# Sierra Club and CCD



## tecumseh (Apr 26, 2005)

ah... the tin cup crowd (in my familar lexicon).

but you are quite correct coyote, very influencial and some of us would suggest a bit nuts from time to time.... likely the results of eating way too much trail mix.


----------



## George Fergusson (May 19, 2005)

The Sierra Club is rather respectable really, compared to some of the other environmental action groups out there.


----------



## tecumseh (Apr 26, 2005)

in some very old picture of the sierra club you may notice little tin drinking cups attacted to their belts.... and thus the tag.

at least at one time the sierra club was a bit hoity-toity and more that a bit elitist. their basic idea of perserving the wilderness was largely designed around the idea of 'keeping out the unwashed masses'. so they did have some desire to perserve wildness, but for their viewing eyes only.

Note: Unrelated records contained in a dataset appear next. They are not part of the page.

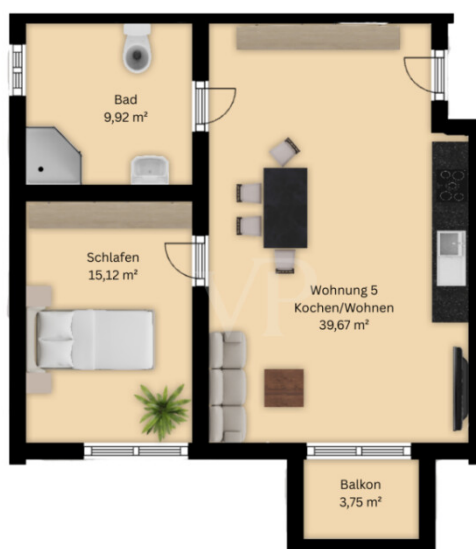
Wohnung 5 (66,58 m 2 )

Esta planta não é à escala. Os documentos foram-nos entregues pelo cliente. Por conseguinte, não podemos assumir qualquer responsabilidade pela exatidão das indicações.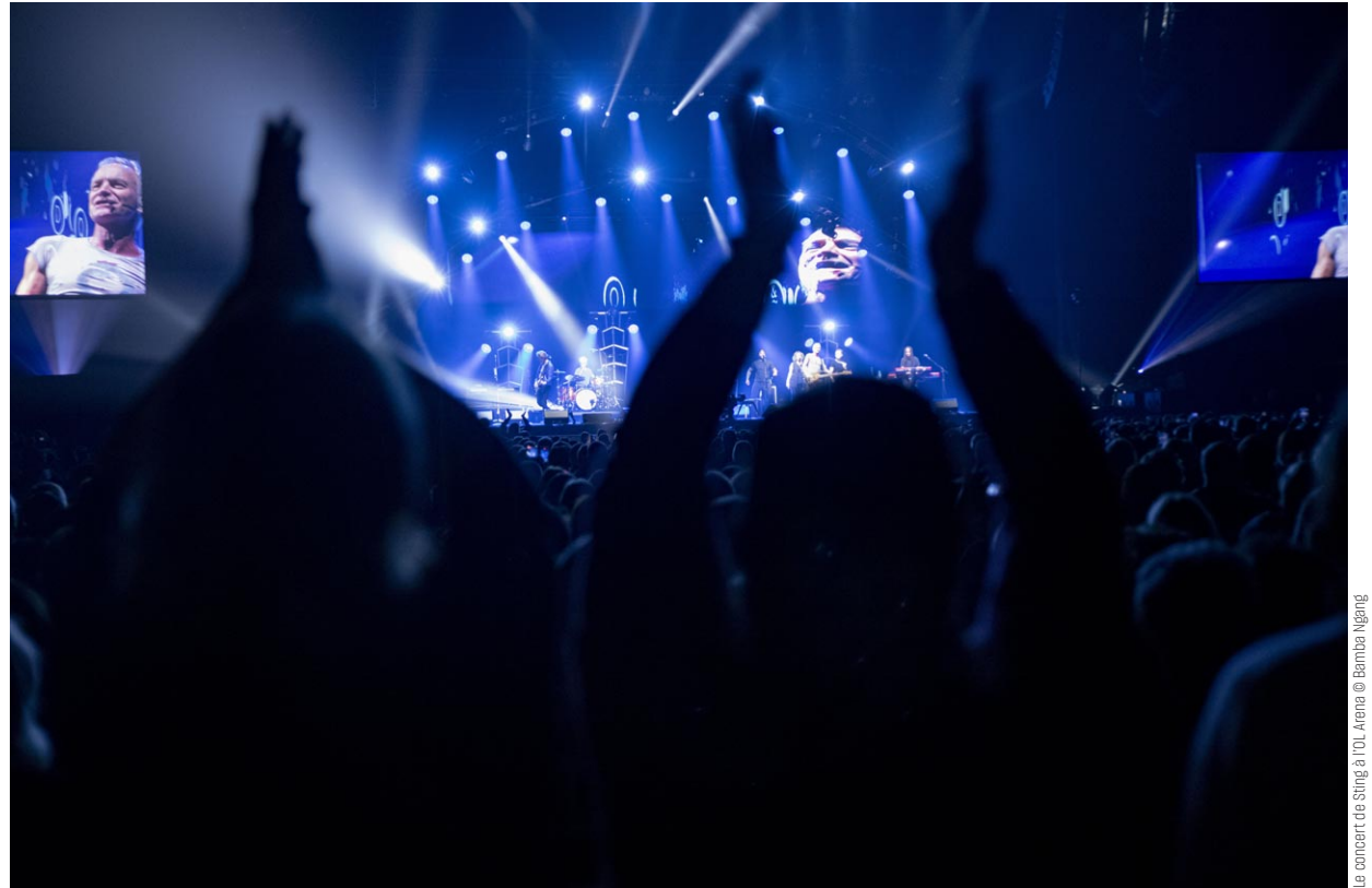
Pourquoi y a-t-il toujours quelqu'un de plus grand devant ?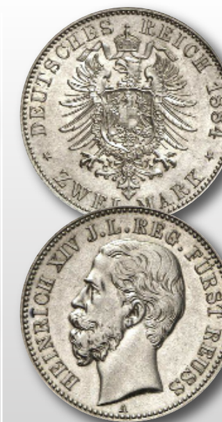
Erste und letzte Silbermünze Heinrichs XIV. von Reuß j. L.: 2 Mark Silber von 1884.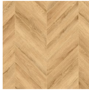
OAK DUNKIRK 8816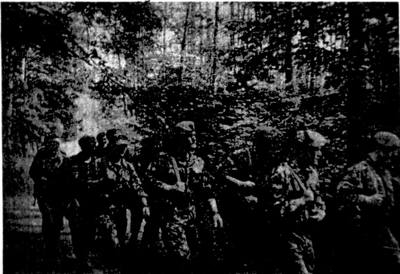
Prieš 50 metų šiais miško keleliais slapčia žygiavo Dzukijos partizanai (galbūt į Kalniškės mūšį...), o dabar šauiniai žengia lietuviai savanoriai, dalyvavę žygyje „Dzukija-95“.

• Niekad vienišas nebūsi, jeigu „Drauga“ parsiisiysi.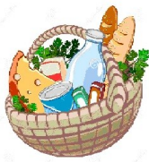
table du curé:

Nous vous attendons nombreux et venez partager vos talents avec nous. »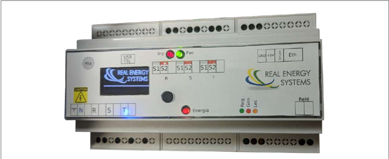
Figura 1 PRISMA 310A - un controlador dinámico de potencia con inyección CERO compacto

Con cumplimiento de los criterios de la UNE 217001-IN y RD 244/2019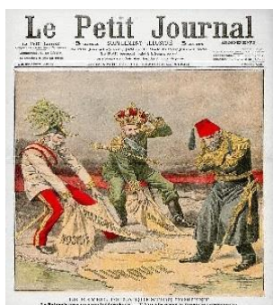
Илл. 1. Первая страница “Le Petit Journal” от 05.10.1908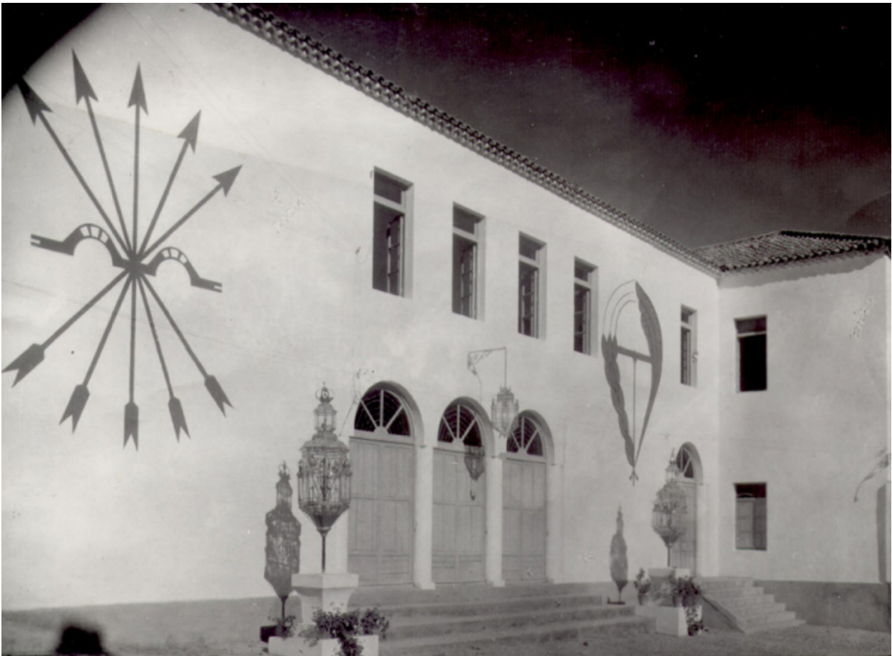
Grup Escolar Álvarez Cubero.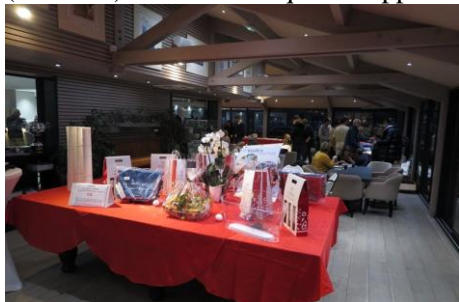
Les lots de la Tombola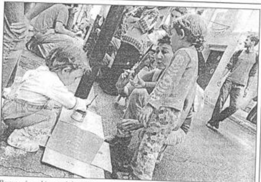
Remue-ménage hier rue de la Méditerranée où le collectif Puls a impulsé un total quartiers libres sur les trottoirs et dans les appartements. Du grand spectacle.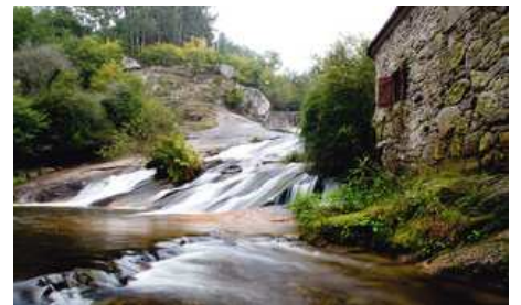
EL ONCE CANALLA: PLANES ANTI-LLUVIA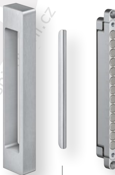
Madélko KC 17

Magnetický uzávěr, skládající se z uzavíracího magnetu KC 50 pro zárubeň a magnetického protiplechu KC 50/G a madélka KC 17 pro skleněné dveře, vytváří estetický celek. Všechny prvky jsou použitelné pro dřevěné, ocelové a hliníkové zárubně.

I have recently discovered some of the exact same sentiment within the national park service.... which typically leaves me feelin' a bit like bill the cat right after he has thrown up a hair ball.


----------



## simplyhoney (Sep 14, 2004)

*we pollenate gmo canola*

coyote, the past few summers we have been pollenating gmo canola. I would behappy to share any info to help the investigation. I will be pollenating a couple of fields this summer.


----------



## Ian (Jan 16, 2003)

I have been foraging off GM canola feilds for nearly ten years now. Yet I am not finding such in my hives.

What kind of a lobby group are these fellows?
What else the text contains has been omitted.